Muhurat trading 2075 begins even as weighty news flow in on the global and domestic front. On the global front, oil prices are higher than last year and the US and China are still refusing to back off from a full-blown trade war. What’s more, the US has gone ahead and re-imposed sanctions on Iran, effective from November 5. This move will most certainly put India in a piquant situation, as our country is one of the leading importers of Iranian crude. Further, a build-up of geopolitical risk in the Middle East and Italy has been threatening to disrupt the European common currency with its profligate ways.
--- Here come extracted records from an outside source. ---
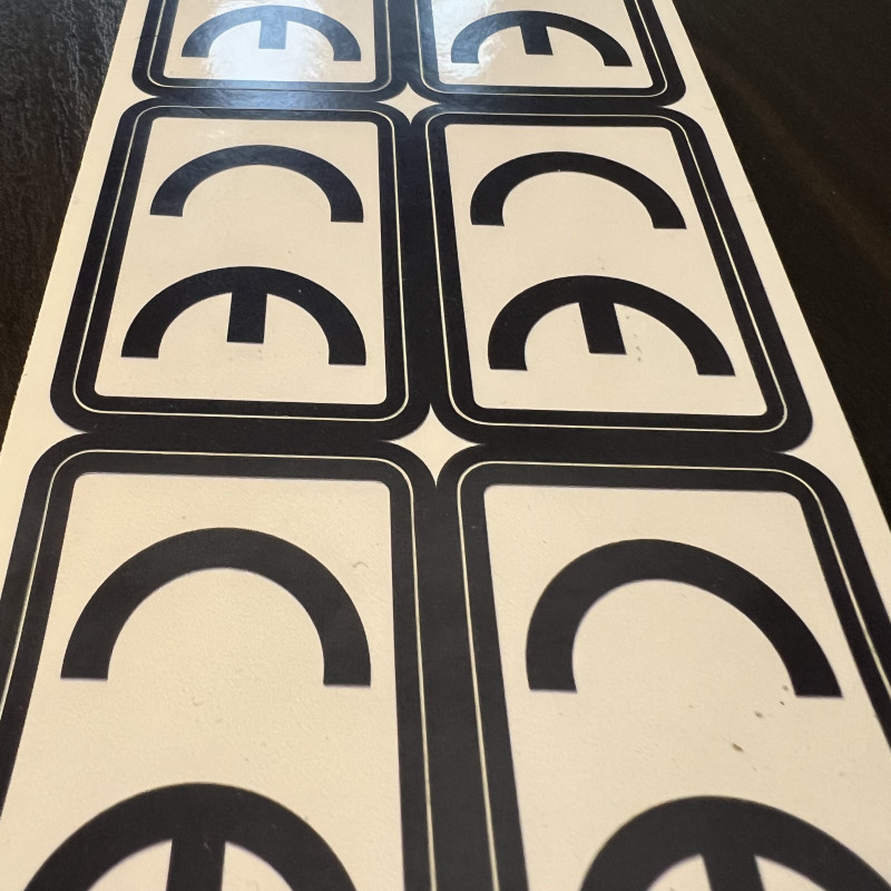 • Munies d’un adhésif permanent pour une application durable, sur fond blanc avec contour noir et écriture noire.
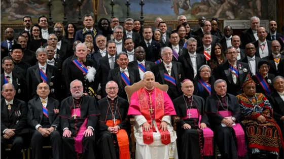 Năm vừa qua đã chứng kiến nhiều biến cố quan trọng, bắt đầu với những biến cố tác động trực tiếp đến đời sống Giáo hội, khi Giáo hội trải qua một Năm thánh sâu sắc, và cũng đã chứng kiến vị tiền nhiệm đáng kính của tôi, Đức Giáo hoàng Phanxicô, trở về Nhà Cha. Toàn thế giới đã quy tụ quanh linh cữu của ngài trong ngày lễ an táng, và cảm nhận sự mất mát một người cha đã dẫn dắt Dân Chúa với đức ái mục tử vô cùng lớn lao.
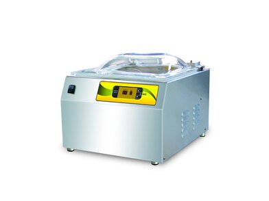 Zariadenie na vákuové balenie vhodné do väčších prevádzok na balenie potravín. Zariadenie najskôr odsaje vzduch z komory, resp. zo sáčku a potom sáčok zavarí. Vákuové balenie môže predĺžiť trvanlivosť mäsa, rýb, syrov, zeleniny a pod. Digitálne ovládací panel, vaňa komory so zaoblenými rohmi, priehľadné veko.

Cues on the domestic front are not too encouraging either. The IL&FS default has placed the entire NBFC community in a sticky situation; due to the meltdown, these companies are facing a tough time raising money. The trade deficit and current account deficit are reaching worrisome levels. The rupee has weakened, trading near 74/$ levels, while the bond yields crossed the 8% mark. In the midst of all this, there are some serious concerns over corporate governance in India. It is against this background that Muhurat trading will be conducted for Samvat 2075. So, do you need to tweak your strategy? We cover three sectors to buy into and one big sector to avoid.
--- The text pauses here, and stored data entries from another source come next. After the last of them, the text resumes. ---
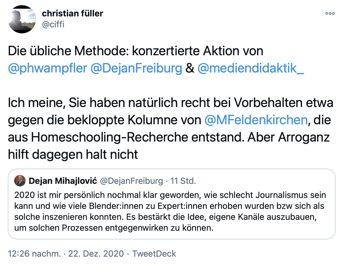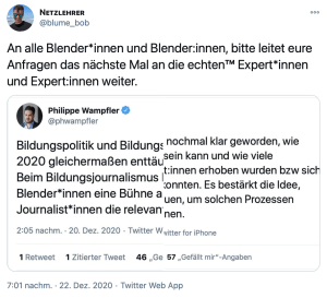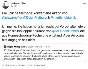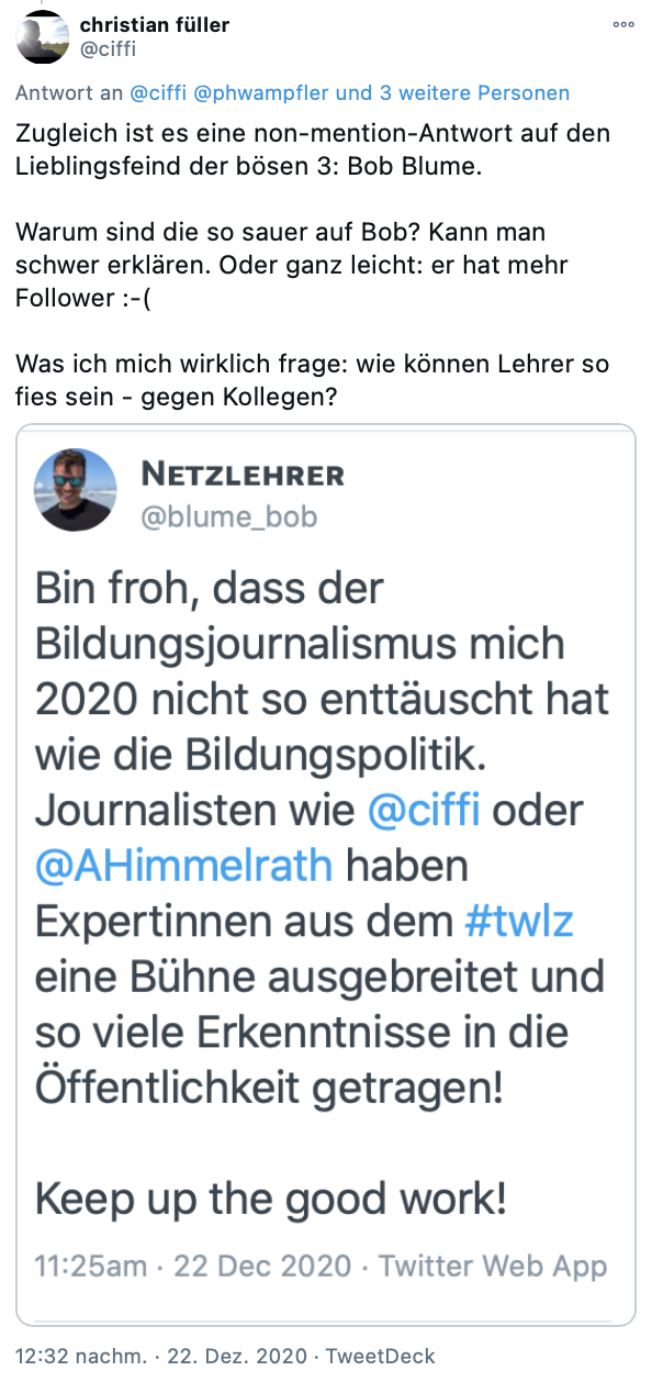 Keine fünf Minuten später griff der Journalist Christian Füller meinen Tweet auf, stellte einen Zusammenhang zu einem ähnlichen Tweet von Philippe Wampfler her, den der zwei Tage zuvor veröffentlicht hatte und verkündete eine konzertierte Aktion.
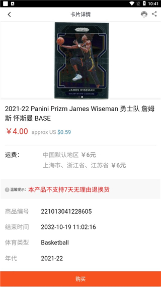 提供了全方位覆盖的比赛收藏球星卡,方便用户可以便捷的评级拍卖。
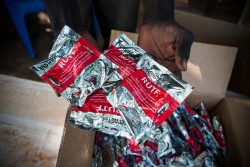 南スーダンで栄養治療に用いられている、栄養治療食「プランピー・ナッツ」。豊富な栄養素と必要なカロリーが含まれている。 |
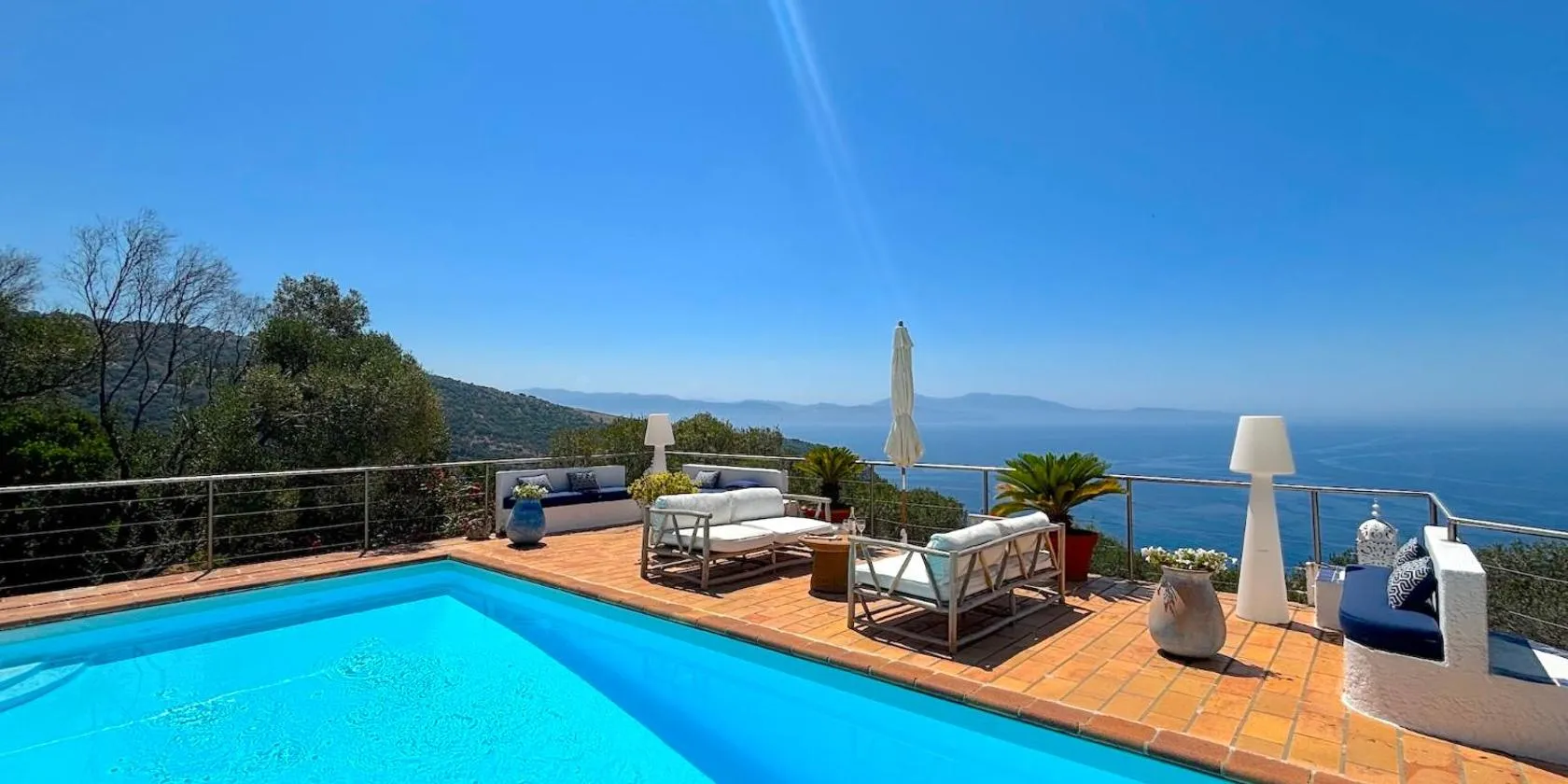 Die Unterkunft Villa Montalbo vue mer avec grande terrasse & plage à proximité - idéale famille et groupe de 2 à 10 personnes, die über einen Garten, eine Gemeinschaftslounge und eine Terrasse verfügt...
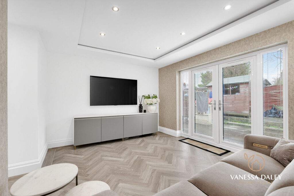 Karn Dean herringbone flooring goes beautifully with the cashmere wall and base units and a window looks to the courtyard and allows light in. A further doorway through to an inner corridor which has access to a bonus utility room and WC and then the fabulous extension which is the 2nd living room with double doors to the garden, mood lighting and herringbone patterned flooring.
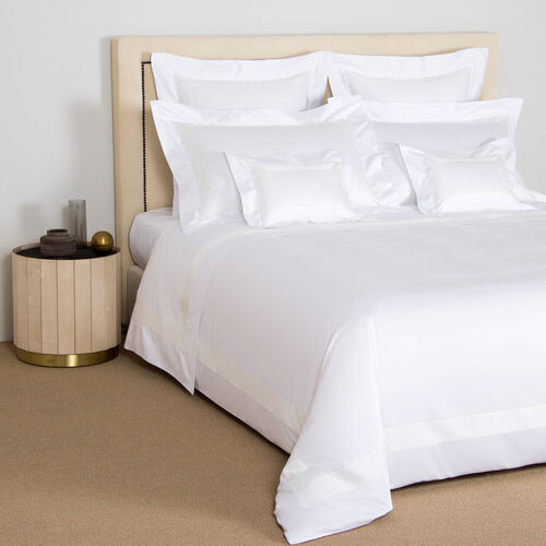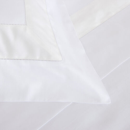The Bicolore Sheet Set features an elegant contrasting border finished with Frette's signature open hemstitch on silky smooth cotton sateen.

Buy into consumption companies; especially rural consumption
Consumption companies, especially those dealing in the FMCG and two wheelers sectors, have a lot going for them. Price wars are over, and top-line growth is finally improving, touching double digit rates. Implementation of GST has added that extra layer of alpha in these stocks as it will probably substantially improve their allocation efficiency in the coming years. GST has been very favorable to food companies, and these are likely to thrive, notwithstanding their richer valuations. Within consumption stocks, you must look at sub-themes like rural consumption. With MSP fixed at an assured 150% of the cost of production and MSP benefits extended to rabi crops too, there is going to be a substantive shift in rural purchasing power. Consider focusing on companies that deal on the input-end, such as hybrid seeds, agrochemicals, fertilizers, and drip irrigation, among others. Further, the secondary demand for sectors like FMCG, white goods, and two wheelers will also be in focus. The real traction could be at the convergence of rural demand and consumption.
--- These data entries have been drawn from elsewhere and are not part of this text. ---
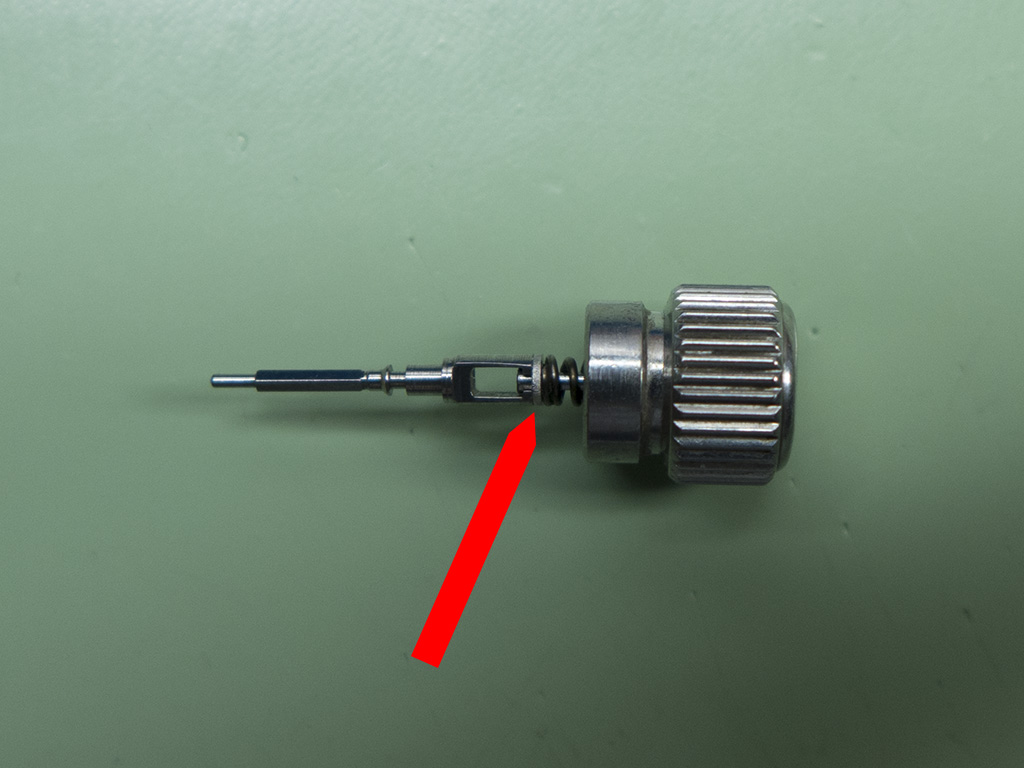 With the crown reassembled you can see where the washer fits, this securely holds the female part of the stem together.
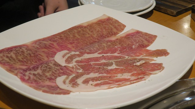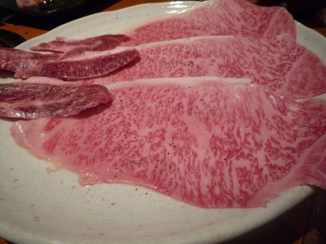 焼きシャブ(サーロイン&ツラミ):美しいサシのサーロイン
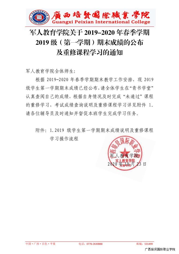 1. 军人教育学院关于2019-2020年春季学期2019级(第一学期)期末成绩的公布及重修课程学习的通知
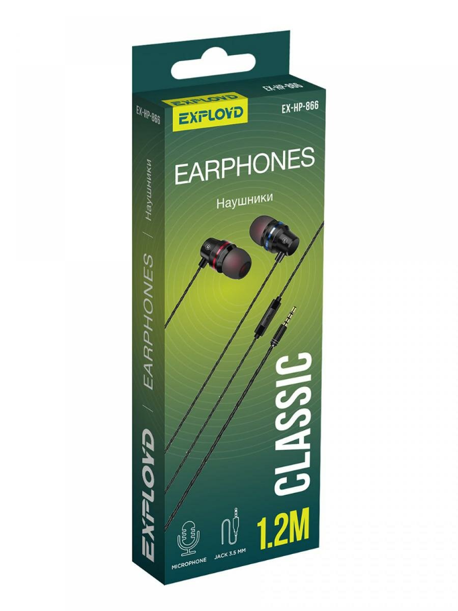 Наушники внутриканальные Exployd 3.5mm чёрный 1.2М Classic EX-HP-866, шт
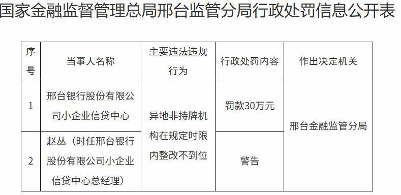 第三,邢台银行小企业信贷中心异地非持牌机构在规定时限内整改不到位,被罚30万元。该信贷中心总经理赵丛被处以警告处罚。

Buy into PSU banks and select NBFCs
Sounds a tad hard to believe, but PSU banks could be the surprise package for the next year. There are quite a few positives to be considered. Profitability and growth are back as signified by the quarterly numbers of Union Bank and BOB. Additionally, the NCLT will most probably deliberate to write-back nearly Rs1 lakh cr for Indian banks in the form of money recovered from defaulting companies via the IBC mechanism. This could be a big boost for NBFCs, having a multiplier impact on credit creation. You need to be a little more discerning with respect to NBFCs. Focus on consumer finance companies that could probably be the leaders of the consumption demand success story. Also, they have less to worry about on the maturity mismatch front.
Buy into the intra-sector differentiators for value expansion
What is an intra-sector differentiator? There are companies within the same sector, which are performing on a different set of economics altogether. Within NBFCs, there are those that fund long-term assets with short-term borrowings. That is a balance sheet limitation. However, there are scores of NBFCs that borrow and lend at the short end only. Businesses like that of IL&FS are preparing for a disaster. Within real estate, there are companies that are hungry for cash and also companies that are reducing their debt. This is the time to be selective as you are not only playing on performance but also on the relative re-rating of these stocks. The differentiators could be the big story for Samvat 2075.
Avoid companies that have lax corporate governance standards
During the last one year, one thing was certain: The market will punish any company that showed laxity in corporate governance. Whether it be the group company shenanigans of IL&FS, poor disclosure practices of Infibeam, the deteriorating working situation of Manpasand Beverages, or the dubious investments of Vakrangee, the market is going to be ruthless. Don’t even try to do any type of value-digging in these companies. Most of the stocks enumerated above have lost over 80% of their value in no time, and even from these levels, value destruction could be immense.
As muhurat trading heralds a new Samvat 2075, don’t just go for the stop tips and trading ideas. Look for stocks that fit into these themes. Do this and you could be truly laughing all the way to the bank by the time Samvat 2076 commences!